As far as the air handling system in the building, the report concludes that it was not designed or intended for filtering out asbestos particles.

"The likelihood of failure of the air distribution system over the next 10 years is rated as highly likely and the impact assessment of such a failure is rated as critical by this study," adds the report.

West Block was originally slotted for major renovations requiring all occupants to vacate the building starting in 2008-09, based on the government's $1.5-billion, 25-year "Long-Term Vision and Plan" that will see every building in the Parliamentary precinct undergo major repairs.

But Public Works has been forced to speed up this timetable due to the ongoing problems inside West Block which officially opened in 1866.

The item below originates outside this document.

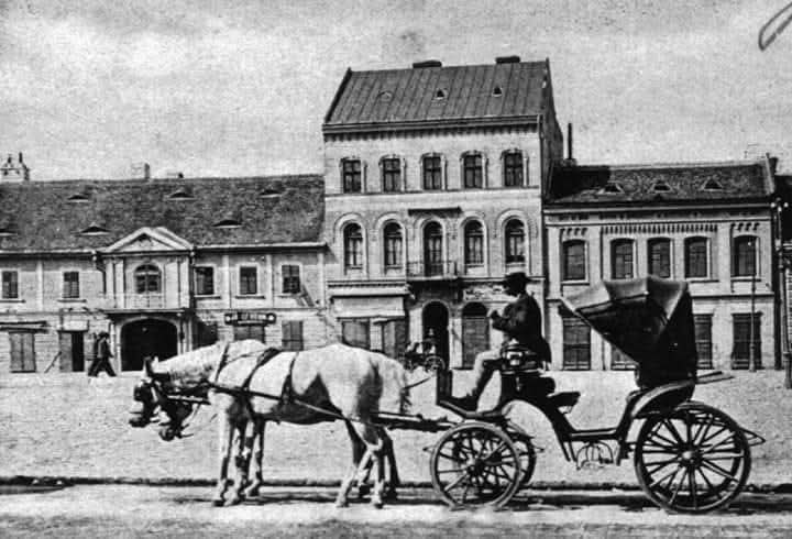sunny day with dreamy clouds shadow from opposite direction paved plazza in 1900 style

The government's point person on this file is Liberal MP Walt Lastewka (St. Catherines, Ont.), who is Parliamentary secretary to Public Works Minister Scott Brison (Kings-Hants, N.S.).

When asked on Friday what he made of the recommendation to vacate West Block by December 2004, Mr. Lastewka said the Golder report is one of many the government is considering.

"Well, remember that a consultant's report is exactly that. It's their point of view, their gathering of information. We took the report very seriously," he said.

But Mr. Lastewka admitted that the government is "moving as fast as it can" to vacate West Block. He added that there are many factors to consider.

"We are moving as fast as we can where we can make everybody happy. It's most important that we don't disturb the proceedings of the work of the Members of Parliament who are there during [a] crucial time. The last thing you want is to be moving when you are finalizing reports or when there's lots of legislation moving through," he said.

Mr. Lastewka said he is working on a plan, which will be finalized in early May, to begin moving West Block occupants in late summer with the ultimate aim of having the entire building vacated by December 2005.

He said some MPs will be moved to temporary office space in the neighbouring Confederation and Justice Buildings.

When asked about the asbestos problem identified in the Golder report, he said Public Works has been tracking the situation "very closely" for months and that he's convinced there are no health risks for the building's occupants.

"I feel very positive from the standpoint that Public Works' environmental section has been doing tests, they still do tests, they monitor... to make sure that nobody was at risk. The law of Ontario is very specific on that," he said.

Some MPs have already taken matters into their own hands and moved themselves and their staff out of the historic building. Last fall, at least two MPs jumped ship.

Liberal MP Lui Temelkovski (Oak Ridges-Markham, Ont.) and his staff now work in the East Block, while Conservative MP Diane Ablonczy (Calgary-Now Hill, Alta.) and her staffers moved to the Confederation Building after a brick fell from an archway near her old West Block office.